It’s Okay If The Holidays Aren’t So Happy This Year

By

It’s okay if the holidays aren’t so happy this year. It’s okay if you still haven’t put up your Christmas tree or lined your weary house with happy twinkling lights. It’s okay if your living room isn’t color coordinated in red and green or if eager-to-be-filled stockings are still collecting dust in a box because the thought of them flopping above a cold fireplace is too disheartening.

It’s okay if the holidays aren’t so happy this year. It’s okay if you haven’t made it to your lonely couch and binge-watched Christmas movies that used to bring you joy. It’s okay if a gingerbread house has no appeal to you during this time.

It’s okay if the holidays aren’t so happy this year. It’s okay if the lighting of candles has a much deeper significance this year. It’s okay if looking at empty seats around the once-joyous table pricks your eyes with tears.

It’s okay if the holidays aren’t so happy this year. It’s okay if this isn’t the first year that the holidays brought a cloud of sorrow and loneliness into your home. It’s okay if you are feeling the ghost of grief on a night that used to be filled with the sounds of jolly laughter.

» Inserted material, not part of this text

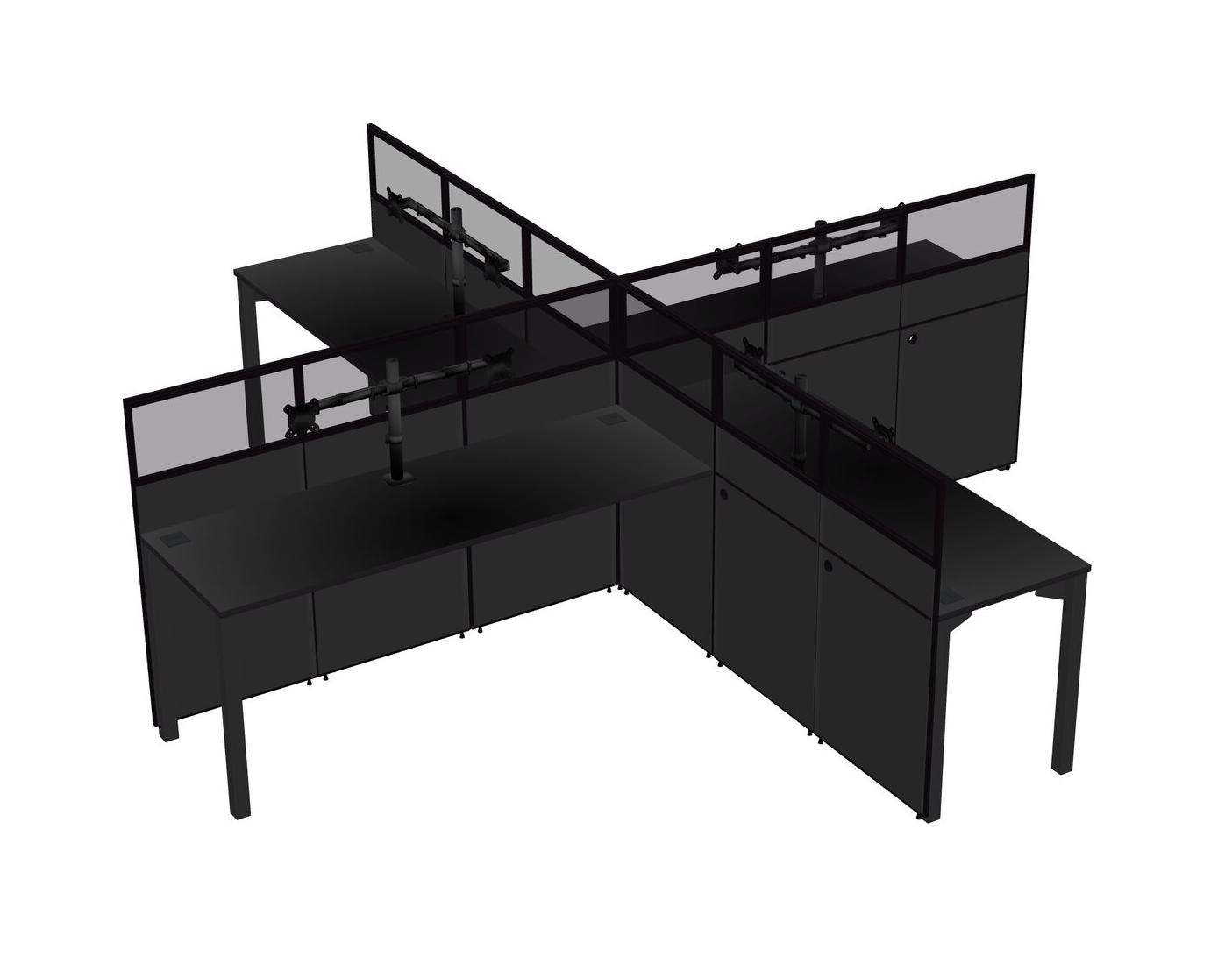 Postes De Travail Quadruples Noirs Pour 4 Personnes + Bras Pour écran (bras Doubles)

It’s okay if the holidays aren’t so happy this year because truthfully, they shouldn’t feel the same as every other year. This year, the world has felt collective tragedy and we know in our hearts that there is still more loss to be endured. So, when we light up our Christmas trees and sit down for holiday meals, we carry the memories of those we have lost and keep in mind the people who feel they have nothing to celebrate this year.

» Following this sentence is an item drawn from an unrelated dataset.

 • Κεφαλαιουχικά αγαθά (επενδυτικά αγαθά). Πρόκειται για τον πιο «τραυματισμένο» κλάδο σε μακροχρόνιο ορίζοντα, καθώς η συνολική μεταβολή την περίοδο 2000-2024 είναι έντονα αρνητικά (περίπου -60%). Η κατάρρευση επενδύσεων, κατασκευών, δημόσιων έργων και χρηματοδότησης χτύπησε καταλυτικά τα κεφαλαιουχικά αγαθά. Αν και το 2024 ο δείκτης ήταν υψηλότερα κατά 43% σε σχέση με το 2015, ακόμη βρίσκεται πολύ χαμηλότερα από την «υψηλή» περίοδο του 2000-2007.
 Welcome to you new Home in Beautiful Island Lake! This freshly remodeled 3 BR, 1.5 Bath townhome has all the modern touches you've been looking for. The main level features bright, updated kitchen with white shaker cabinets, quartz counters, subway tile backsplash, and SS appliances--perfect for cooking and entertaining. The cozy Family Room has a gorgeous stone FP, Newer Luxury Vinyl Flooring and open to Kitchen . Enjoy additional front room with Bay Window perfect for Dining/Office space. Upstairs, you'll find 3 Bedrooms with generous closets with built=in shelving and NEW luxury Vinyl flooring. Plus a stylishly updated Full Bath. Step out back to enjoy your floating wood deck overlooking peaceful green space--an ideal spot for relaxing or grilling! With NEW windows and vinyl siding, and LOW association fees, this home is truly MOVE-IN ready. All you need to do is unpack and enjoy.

The holidays probably won’t be so happy this year. We will look at our gifts with guilt-ridden faces and our meals won’t taste like a delicious bite of home. But we will also look at the faces that surround us with a deeper level of love and appreciation than we have ever had before during the holidays. We will miss our loved ones, we will ache over the hardships this year has brought into our lives but we will be grateful to have gotten to see another brightly lit Christmas tree or flickering Menorah.

And we will know in our hearts that there is still hope for the future.